The United States needs a deal with Iran, not detente
An unusual fear is gripping the Arab world, namely that nuclear diplomacy may yet bring Iran and the United States into a close regional embrace. This may seem comical given the legacy of mistrust separating the two nations. Yet this concern among Arab rulers may have some justification in history.
The United States has never been able to pursue arms control without delusion and has always insisted on sanctifying its negotiating partners. The challenge for Washington today is to defy its history and reach a nuclear agreement with Iran while negating the Islamic republic’s regional ambitions.
During the heyday of detente in the 1970s, nuclear accords between the United States and Soviet Union were inevitably followed by commerce and diplomatic recognition. Successive U.S. administrations were seduced by the notion that a nuclear agreement could pave the way for grander geopolitical convergence.
If thorny nuclear issues could be resolved, the thinking went, then why not other areas of contention? This proved a fools’ errand. U.S. adversaries have always been more practical about arms control and have seldom forfeited their ideological claims for the sake of trade and reconciliation.
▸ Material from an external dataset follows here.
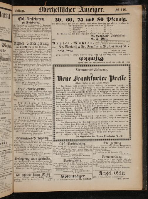 Inserate sind bei der großen Verbreitung der Neuen Frankfurier Presse, welche namentlich im Großherzogthum Hessen das gelesenste Frankfurter Blatt ist, von besonderer Wirkung.

On the surface, the chimera of bringing Iran in from the cold could prove equally alluring. Perhaps once the two sides have agreed on the nuclear file, they could move toward a larger canvas of cooperation. These sober strategic arguments are seemingly buttressed by the rise of pragmatists led by President Hassan Rouhani. As such, a concerted U.S. effort at engagement might foster Iranian moderation in its foreign policy as well as strengthen the forces of progressive change domestically.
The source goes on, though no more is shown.